*Description of the task:* Copy out exactly the lines spanning the line with "The soup noodles" to the line with "High resolution picture, free", inclusive, from the data underneath, with no pictures.

*Records supplied:*
==============================
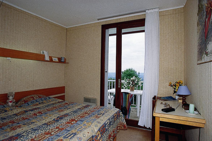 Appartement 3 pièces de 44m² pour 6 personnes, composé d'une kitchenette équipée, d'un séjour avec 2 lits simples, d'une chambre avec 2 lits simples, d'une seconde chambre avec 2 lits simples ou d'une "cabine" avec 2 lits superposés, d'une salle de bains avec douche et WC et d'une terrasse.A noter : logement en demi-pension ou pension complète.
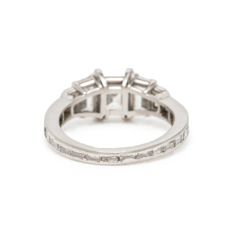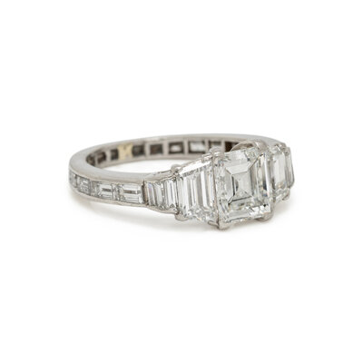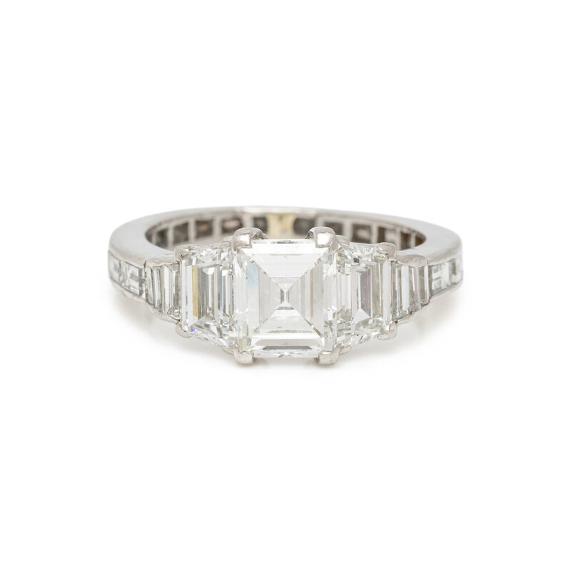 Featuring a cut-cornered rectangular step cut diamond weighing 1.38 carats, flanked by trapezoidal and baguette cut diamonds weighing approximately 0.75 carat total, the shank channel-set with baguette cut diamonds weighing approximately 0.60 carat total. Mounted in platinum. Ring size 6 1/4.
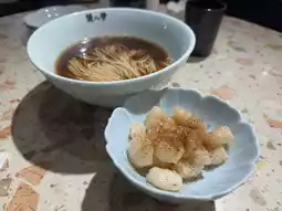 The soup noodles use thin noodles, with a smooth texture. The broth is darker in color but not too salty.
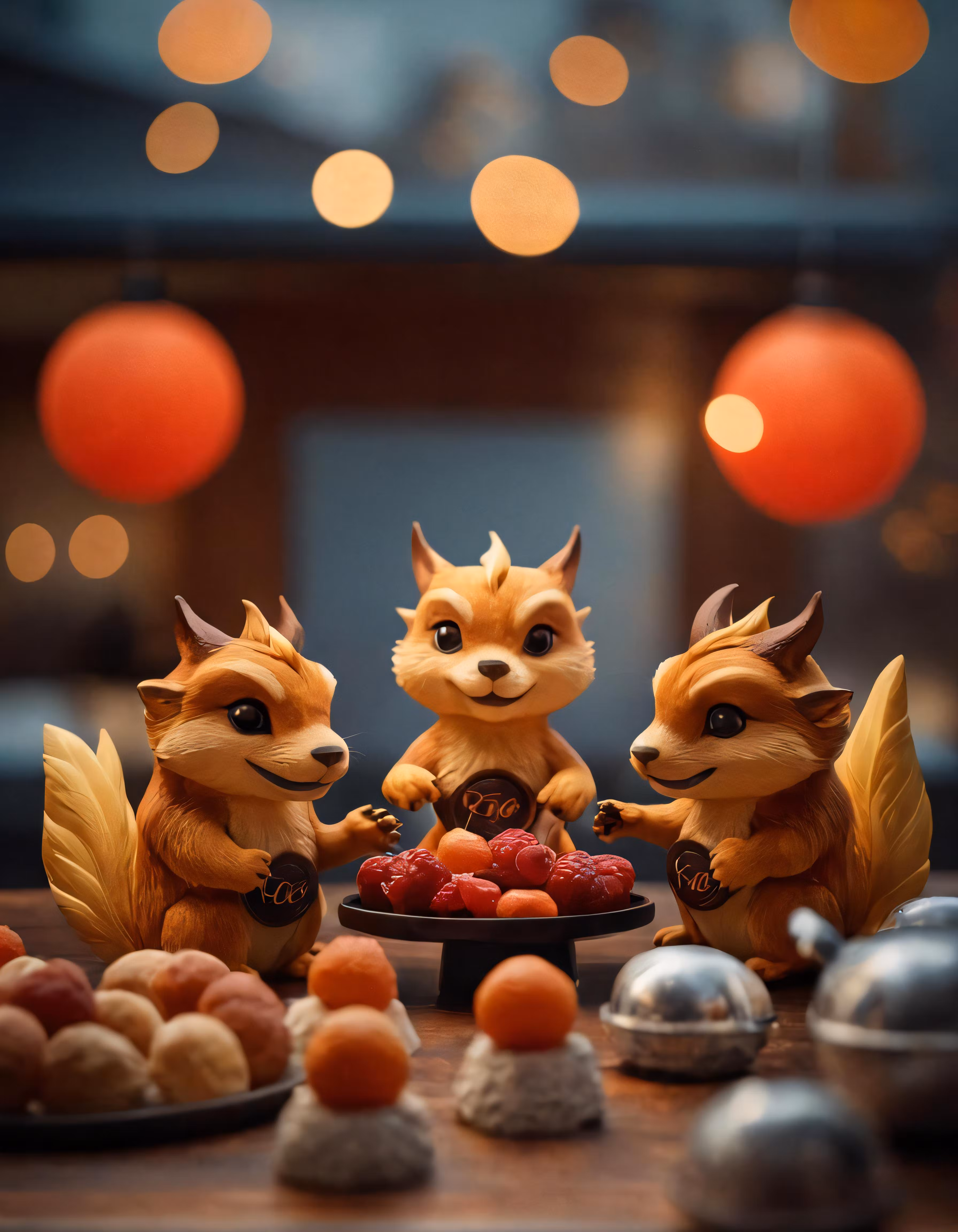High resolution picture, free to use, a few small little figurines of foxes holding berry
==============================
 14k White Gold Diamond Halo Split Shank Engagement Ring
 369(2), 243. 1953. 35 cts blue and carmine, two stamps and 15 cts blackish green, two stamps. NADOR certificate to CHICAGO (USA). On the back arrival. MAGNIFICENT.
==============================
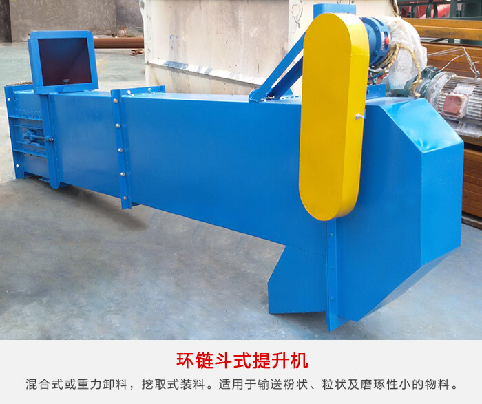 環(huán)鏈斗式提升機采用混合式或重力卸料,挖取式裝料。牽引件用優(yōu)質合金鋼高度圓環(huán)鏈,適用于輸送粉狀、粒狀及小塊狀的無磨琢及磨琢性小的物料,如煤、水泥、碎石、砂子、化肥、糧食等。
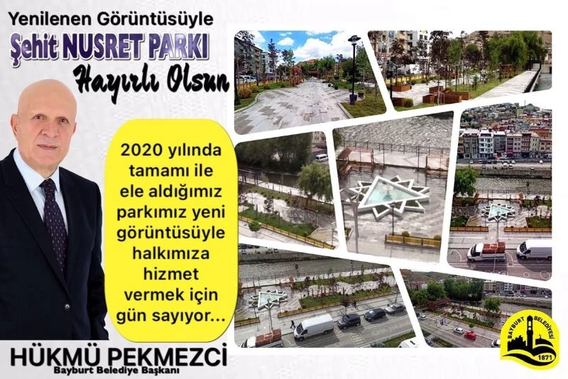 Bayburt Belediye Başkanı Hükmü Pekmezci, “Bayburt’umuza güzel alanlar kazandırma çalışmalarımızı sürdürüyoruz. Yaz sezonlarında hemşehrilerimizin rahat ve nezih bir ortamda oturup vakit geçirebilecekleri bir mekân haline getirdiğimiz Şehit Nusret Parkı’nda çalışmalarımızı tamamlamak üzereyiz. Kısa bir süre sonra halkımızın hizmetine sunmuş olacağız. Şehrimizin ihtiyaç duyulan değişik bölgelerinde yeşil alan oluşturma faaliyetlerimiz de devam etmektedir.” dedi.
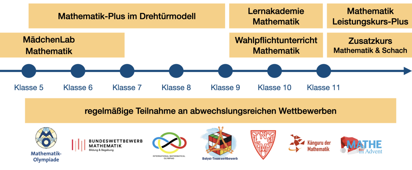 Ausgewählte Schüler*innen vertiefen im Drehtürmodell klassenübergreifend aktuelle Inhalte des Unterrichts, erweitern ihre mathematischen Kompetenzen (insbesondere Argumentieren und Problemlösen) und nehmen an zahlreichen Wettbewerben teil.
==============================
*Written response:*
 The soup noodles use thin noodles, with a smooth texture. The broth is darker in color but not too salty.
High resolution picture, free to use, a few small little figurines of foxes holding berry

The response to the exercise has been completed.